Probably the most astonishing thing I saw at the show was the super wide angle lenses fromTheia. 1.3mm mega pixel pan focus lenses… with no distortion! It needs to be seen to be believed. I, personally, love lenses, and this goes against everything I know about lenses. It requires no power- all correction is done optically. Good for dPTZ and video forensics.
Of course, there is the SV35.3 series of hard drives from Seagate. Drives are the least visible, least glamorous, most important part of the CCTV system, and buying good drives are important. Available up to 1TB.
Some company I never heard of called Dotworkz has a line of wireless IP housings. Very nice.

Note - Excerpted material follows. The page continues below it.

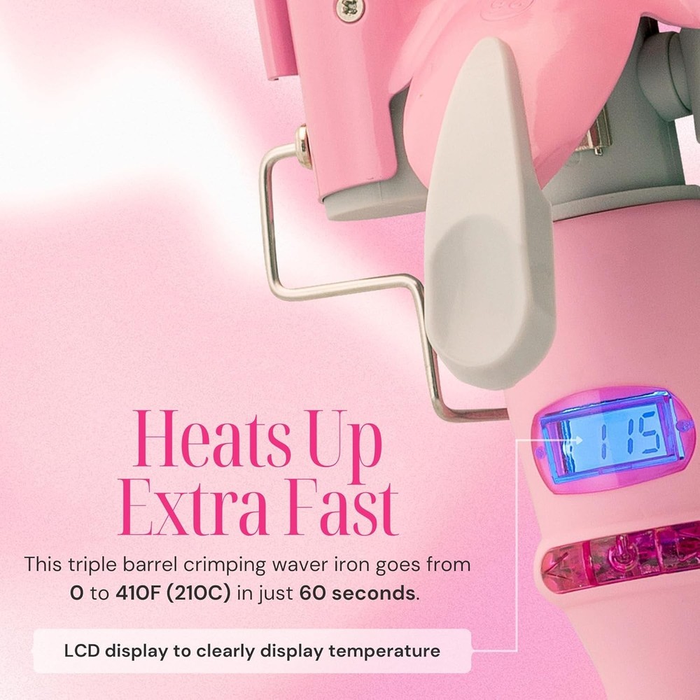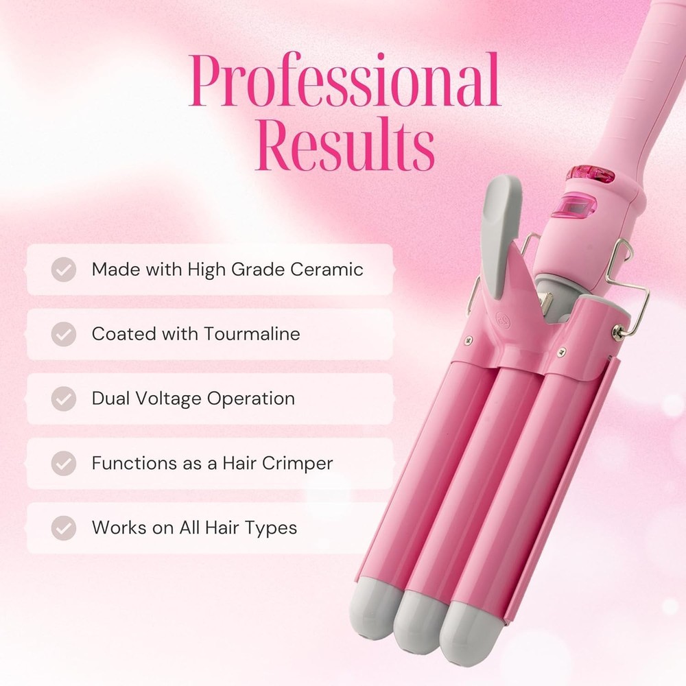 Effortless styling meets cutting-edge technology with Alure's Hair Waver/Crimper, designed to simplify your hair care routine. The LCD temperature display ensures precise control, while the 360-degree rotatable cord, non-slip handle, and insulated barrel tips prioritize safety for a worry-free styling experience. Rapidly heat up from 0 to 210°C in just 60 seconds, reducing styling time significantly. The intuitive buttons and LCD screen make temperature adjustments a breeze, catering to various hair types. Crafted for longevity, the three-barrel hair waver features premium ceramic barrels, ensuring durability through countless styling sessions. Lightweight and dual voltage (110V-220V), it's your versatile travel companion. Experience luxurious waves without frizz, thanks to the innovative 3-barrel design and heated ceramic emitting negatively charged ions for a quick, shiny finish. Achieve personalized results, though individual outcomes may vary based on hair type or volume. Trust in Alure, the trusted brand for innovative styling tools, to meet your distinct styling needs. WORKS ON ALL HAIR TYPES: Whether you have short or long locks; thick or thin, this three barrel curling iron works like a charm. The heated ceramic produces negatively charged ions that create soft, shiny waves without any frizz. And unlike single barrel styling irons that take ages to curl hair, this 3 barrel curling iron does it in a matter of minutes.

Nothing I saw seemed very revolutionary. Everyboday was talking "H.264" and "storage" and "IP". Seems some companies are abandoning analog cameras entirely, and focusing on IP cameras and networking. Good thing too, except the security industry seems a bit lost as to this whole IP thing. It requires a whole new way of thinking, and some people just don't get it. For example- storage. We're all used to thinking of video storage as something expensive, so we compress video as much as possible to fit as much time as we can on the same amount of space. Video tape is expensive to buy and bulky so it's difficult to store. But we don't use video tape anymore, we use hard drives. And hard drives are so cheap nowadays it's virtually free. A 750GB SV35.3 Seagate hard drive is only $200 more than a 250GB hard drive (retail!) but the difference between a DVR with 160GB onboard and 1TB onboard is $1000 or more. There's no good reason why any DVR from any manufacturer should ship with less than 500GB of space.
The H.264 revolution could have gone in one of two ways. Either the DVR manufacturers could have decided to use the same resolution and just saved more video, or they could have saved the amount of video we're used to at a far higher resolution and frame rate. I applaud the companies that have decided to go in the second direction.
On a personal note, I got to meet Geoff Kohl at securityinfowatch.com's booth. I told him how much I appreciate this forum, which allows me to get a glimpse into the minds of the most imoportant users of CCTV- security guards and managers. Kudos.